PROBLEM REQUIREMENTS:
All lines from the one containing "DSC evaluated potential" to the end of the listing below should be output exactly; omit the pictures.

:: PROVIDED DATA ::

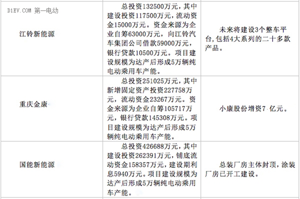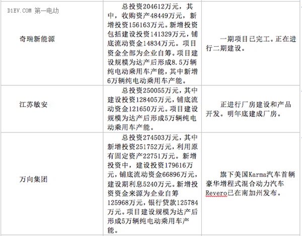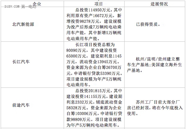 15家企業(yè)新建純電動(dòng)乘用車(chē)項(xiàng)目進(jìn)展情況
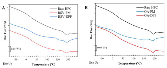 DSC evaluated potential thermal behavior changes in the SASD powders and the polymer/compound mixtures. Both systems’ thermograms appear in Figure 6. Run 1 was not represented as it was equal to that previously reported, with the removal of water. The thermal profiles of the DPF and the physical mixture for both RSV–DPF and GA–DPF were identical to those of the raw HPC. All thermograms revealed a reproducible endothermic peak around 190–200 °C related to the melting point of the small crystalline domain of HPC, as previously discussed, suggesting that the melting temperature of the SASD-processed HPC was not affected by the addition of the bioactive compound.
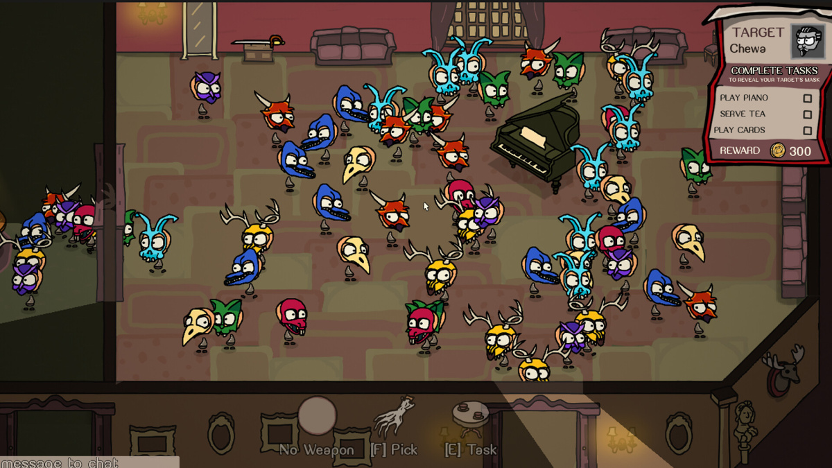 你和你的朋友被邀请来死亡!The Masquerade 是一款适合 2 到 8 名玩家的谋杀派对游戏,你同时既是目标又是猎人。伪装成 NPC 来躲避你的猎人,同时收集足够的线索,揭露并消灭你的目标。

:::

WRITTEN RESPONSE:
 DSC evaluated potential thermal behavior changes in the SASD powders and the polymer/compound mixtures. Both systems’ thermograms appear in Figure 6. Run 1 was not represented as it was equal to that previously reported, with the removal of water. The thermal profiles of the DPF and the physical mixture for both RSV–DPF and GA–DPF were identical to those of the raw HPC. All thermograms revealed a reproducible endothermic peak around 190–200 °C related to the melting point of the small crystalline domain of HPC, as previously discussed, suggesting that the melting temperature of the SASD-processed HPC was not affected by the addition of the bioactive compound.
 你和你的朋友被邀请来死亡!The Masquerade 是一款适合 2 到 8 名玩家的谋杀派对游戏,你同时既是目标又是猎人。伪装成 NPC 来躲避你的猎人,同时收集足够的线索,揭露并消灭你的目标。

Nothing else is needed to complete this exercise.